The dhāraṇī originates from the Cintāmaṇicakra Dhāraṇī Sutra, which was translated into Chinese by the monks Bodhiruci (如意輪陀羅尼經; pinyin: Rúyìlún tuóluóní jīng; Taishō Tripiṭaka 1080) and Yijing (佛說觀自在菩薩如意心陀羅尼咒經; pinyin: Fóshuō Guānzìzài Púsà rúyì xīn tuóluóní zhòu jīng; T. 1081).

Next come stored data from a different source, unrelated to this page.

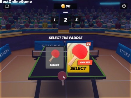 ゲームは、中央の卓球台の手前のラケットを操作してピン球をタイミングよく打ち返して勝利しレベルをクリアしていく3D卓球ゲームです
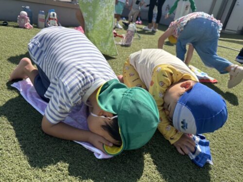 最後は恒例の日向ぼっこで屋上遊びは終了です🙆♂️仲良くくっついてごろーんするうさぎ組でした🥰
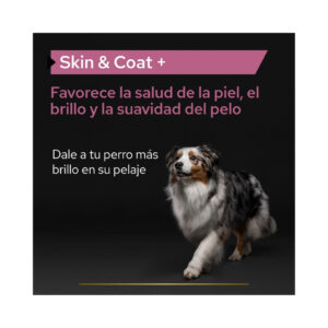Skin & Coat + nutre la piel y el pelaje de tu perro desde el interior gracias a su contenido en nutrientes esenciales tales como ácidos grasos omega-3 y omega-6 procedentes del salmón noruego, aceite de linaza y vitamina E, y está científicamente diseñado para:
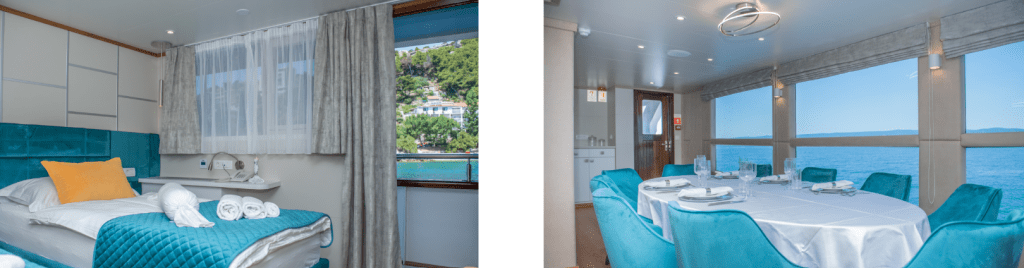 Omdat er zo weinig kajuiten op de M/Y Adriatic Blue zijn, geniet je in alle rust van de faciliteiten. Er reizen maximaal 36 passagiers mee. En die profiteren van een zonnedek met bubbelbad, een panoramische loungebar en een gastronomisch restaurant. Wanneer het schip voor anker ligt, spring je vanop het platform achteraan zelfs rechtstreeks in zee. Zit je eerder met vragen over de volgende bestemming? Een enthousiaste, achtkoppige crew staat dag en nacht voor je klaar. Extra handig: de bemanningsleden spreken Frans én Nederlands.

In this sutra, Avalokitesvara states that this dharani "has great power and majesty, like the celestial wish-fulfilling tree, raining down great treasures upon the wise. Whatever is desired, all can be obtained, like the jewel of Maṇi. It can fulfill all the superior aspirations of all sentient beings."

The dhāraṇī is:

| Bodhiruci's Sanskrit (IAST) | Chinese translation (Yijing) | Pinyin |
|---|---|---|
| Namo ratna-trayāya Nama Āryāvalokiteśvarāya bodhisattvāya mahāsattvāya mahākāruṇikāya tadyathā Oṃ cakravarti cintāmaṇi mahāpadme ru ru tiṣṭhat jvala ākarṣāya hūṃ phaṭ svāhā Oṃ padma cintāmaṇi jvala hūṃ Oṃ varada padme hūṃ | 南謨佛馱耶 南謨達摩耶 南謨僧伽耶 南謨觀自在菩薩摩訶薩 具大悲心者 怛姪他 唵斫羯囉伐底 震多末尼謨訶 鉢蹬謎 嚕嚕嚕嚕 底瑟他 篅攞痾羯利沙也 吽發莎訶 菴鉢踏摩 震多末尼 篅攞吽 菴跋剌陀 鉢亶謎吽 | Nāmó fótuóyé nāmó dámóyé nāmó sēngjiāyé Nāmó Guānzìzài púsà móhēsà jù dàbēixīnzhě dázhítā Ān zhuójiélàfádǐ zhènduōmòní móhē bōdēngmí lǔ lǔ lǔ lǔ dǐsètā shuòlà ājiélìshāyě hōng fā suōhē Ān bōtàmó zhènduōmòní shuòlà hōng Ān bálátuó bōdǎnmí hōng |

The Buddha then praises the dhāraṇī spell in verse as follows: Excellent, excellent, good man,

You are able to compassionately consider all sentient beings,

By expounding this wish-fulfilling dhāraṇī,

You deliver sentient beings, bringing them great superior benefits.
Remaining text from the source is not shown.